At the Summer Olympics the year before, the USA men’s basketball team had suffered a controversial and ignominious defeat at the hands of the USSR during the final match in Munich.  The Soviet players went home with gold medals and the Americans went home with…nothing: they refused to attend the medal ceremony or even accept their silver medals which, nearly 45 years later, are still being held by the International Olympic Committee, awaiting a change of heart by Team USA.

But the early 1970s was also the height of détente, the slow thawing of Cold War relationships, chief among them those nations which held nuclear arsenals.  Leonid Brezhnev, leader of the USSR, and US President Richard Nixon met in Washington in June 1973, one of the high-water marks of the process.

In that spirit, with the Americans still bruised and sulking about a basketball game, and yet both nations looking for opportunities for gestures of good will, someone at the US Embassy in Brasilia came up with the idea of challenging the Soviet Embassy to a friendly basketball game.  A rematch.  Our embassy staff against yours.
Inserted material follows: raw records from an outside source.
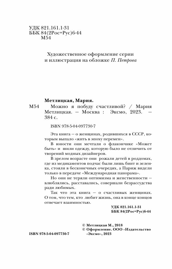 Можно я побуду счастливой? (Метлицкая Мария Робертовна); ООО "Издательство "Эксмо", 2018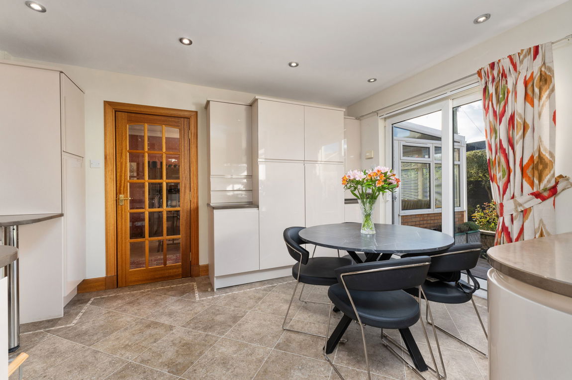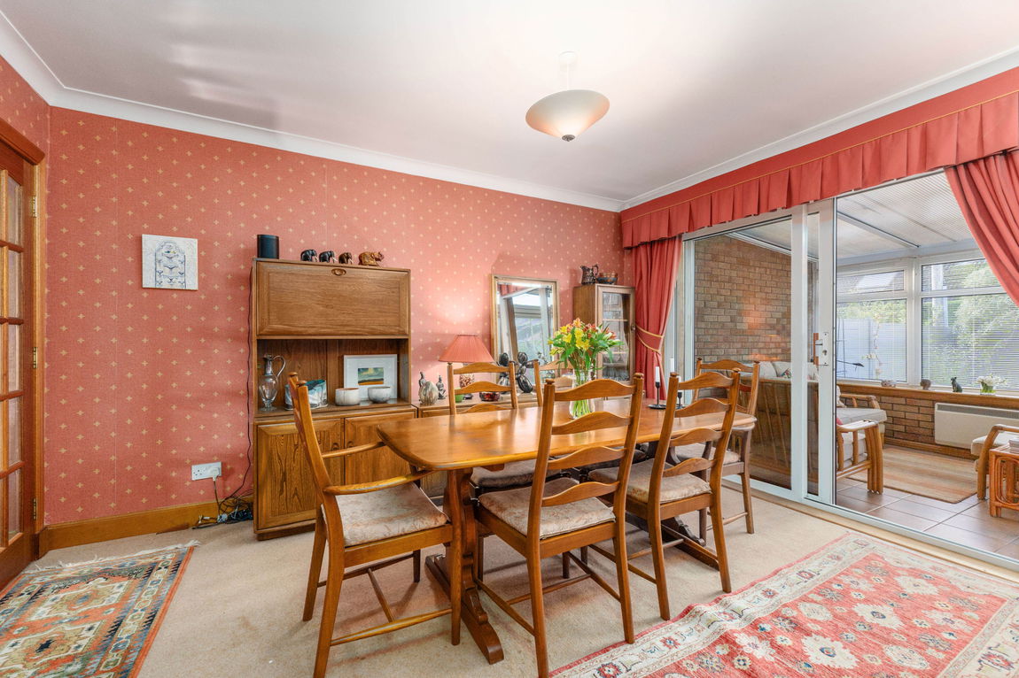 The spacious front-facing lounge is a bright and inviting room, with a large triple-glazed window overlooking the front garden. A brick-surround fireplace provides a cosy focal point, and double doors lead seamlessly into the dining room - perfect for entertaining or family gatherings. The dining area is a versatile space ideal for everyday meals or special occasions and connects to both the conservatory and the kitchen/diner, allowing for easy flow between the main living areas.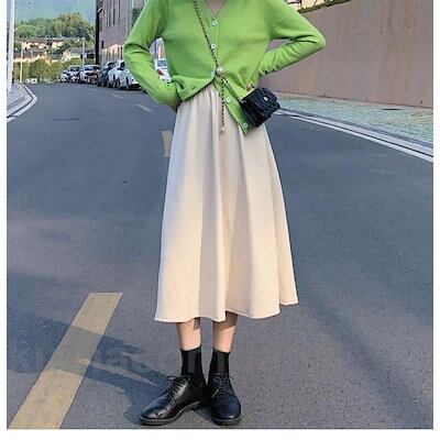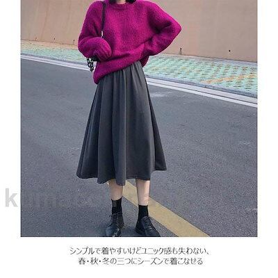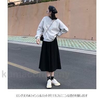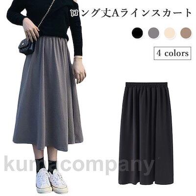 ロングスカート レディース スカート ロング丈 秋 Aラインスカート ウエストゴム ミモレ丈スカート 黒 無地 春 フレアスカート 冬 通勤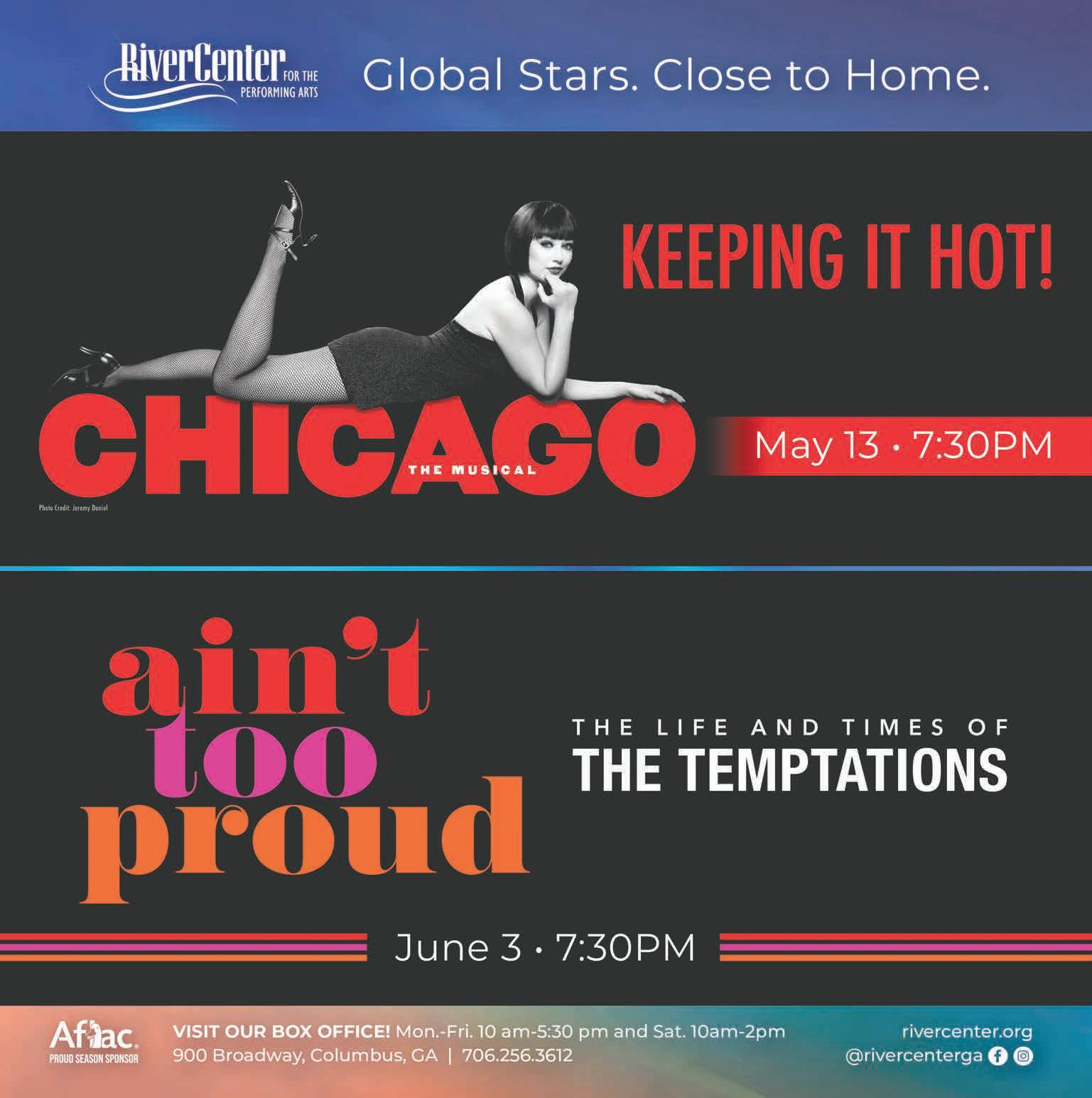 Starring Buster Keaton, college boy William Canfield, Jr. reunites with his boat captain father to help him compete with a rival riverboat owner, J.J. King. But when Bill, Jr. finds himself falling for King’s daughter Kitty, hilarious complications ensue as his father is arrested, a fierce storm hits River Junction, and Willie is forced to save Kitty, her father, and his own. Tickets are only $10 and can be purchased through the RiverCenter Box Office and online at rivercenter.org. S aturday, May 3, 7:30 p.m. , The RiverCenter for The Performing Arts, 900 Broadway, Columbus

Surprisingly, the offer was engaged.

The capital city of Brazil, Brasilia, was largely built in the 1960s, and among its planned oddities – a city of half a million people laid out in the pattern of a giant airplane and having no traffic lights? – was the fact that the embassies were allocated space based on the perceived importance of each nation to the people of Brazil.  So the closest embassy to the centre of government is that of the Vatican.  The second closest is Portugal, the mother country.  Third and fourth are toss-ups:  the USA and USSR.  It would have been easy enough for the one group of diplomats to walk to the other embassy after work – the embassies are literally just across the street from each other – but of course that would mean playing the game on partisan soil.  What was needed was a neutral venue that came with a decent basketball court.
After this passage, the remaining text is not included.